▸ **PROBLEM DETAILS**
What you give back should be exactly the lines from the one with "4. Plenty of" through the final line of the material, pictures removed; please add nothing.

▸ **INFORMATION SUPPLIED**

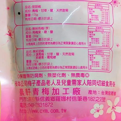 廠商名稱:晨軒青梅加工廠(晨軒梅機能食品)
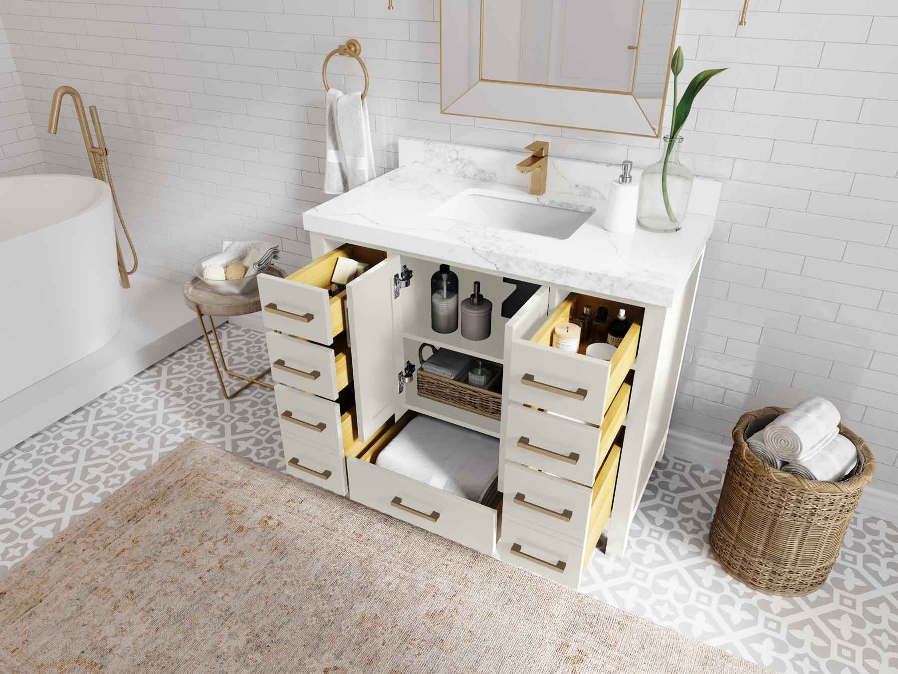 4. Plenty of storage space - this vanity comes with plenty of cabinet space to store all your bathroom essentials.
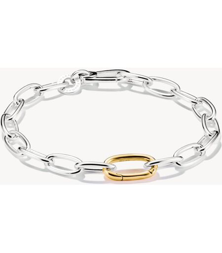 Entdecken Sie das charmante Thomas Sabo Charm-Armband in elegantem Bicolor-Design. Hergestellt aus recyceltem 925er Silber, vereint dieses Armband Nachhaltigkeit mit Stil. Im Mittelpunkt steht ein großes, ovales Kettenglied aus edler 18k Vergoldung, das sich leicht öffnen lässt, um Charms mit Öse anzubringen. Die kleineren Kettenglieder sind ideal für Charms mit Karabinerverschluss und ermöglichen Ihnen, Ihre persönliche Schmuck-Kreation nach Lust und Laune zu gestalten. Dieses Armband ist nicht nur ein modisches Accessoire, sondern auch eine wunderbare Möglichkeit, Erinnerungen festzuhalten und individuelle Looks zu kreieren. Perfekt für jeden Anlass! Material: 18k Vergoldung, Recyceltes 925 Silber Farbe: silberfarben, gelbgoldfarben Verschluss: Ringverschluss Höhe: ca. 8,50 mm Breite: ca. 16,50 mm Stärke: ca. 6,00 mm ...

▸ **TASK ANSWER**
 4. Plenty of storage space - this vanity comes with plenty of cabinet space to store all your bathroom essentials.
 Entdecken Sie das charmante Thomas Sabo Charm-Armband in elegantem Bicolor-Design. Hergestellt aus recyceltem 925er Silber, vereint dieses Armband Nachhaltigkeit mit Stil. Im Mittelpunkt steht ein großes, ovales Kettenglied aus edler 18k Vergoldung, das sich leicht öffnen lässt, um Charms mit Öse anzubringen. Die kleineren Kettenglieder sind ideal für Charms mit Karabinerverschluss und ermöglichen Ihnen, Ihre persönliche Schmuck-Kreation nach Lust und Laune zu gestalten. Dieses Armband ist nicht nur ein modisches Accessoire, sondern auch eine wunderbare Möglichkeit, Erinnerungen festzuhalten und individuelle Looks zu kreieren. Perfekt für jeden Anlass! Material: 18k Vergoldung, Recyceltes 925 Silber Farbe: silberfarben, gelbgoldfarben Verschluss: Ringverschluss Höhe: ca. 8,50 mm Breite: ca. 16,50 mm Stärke: ca. 6,00 mm ...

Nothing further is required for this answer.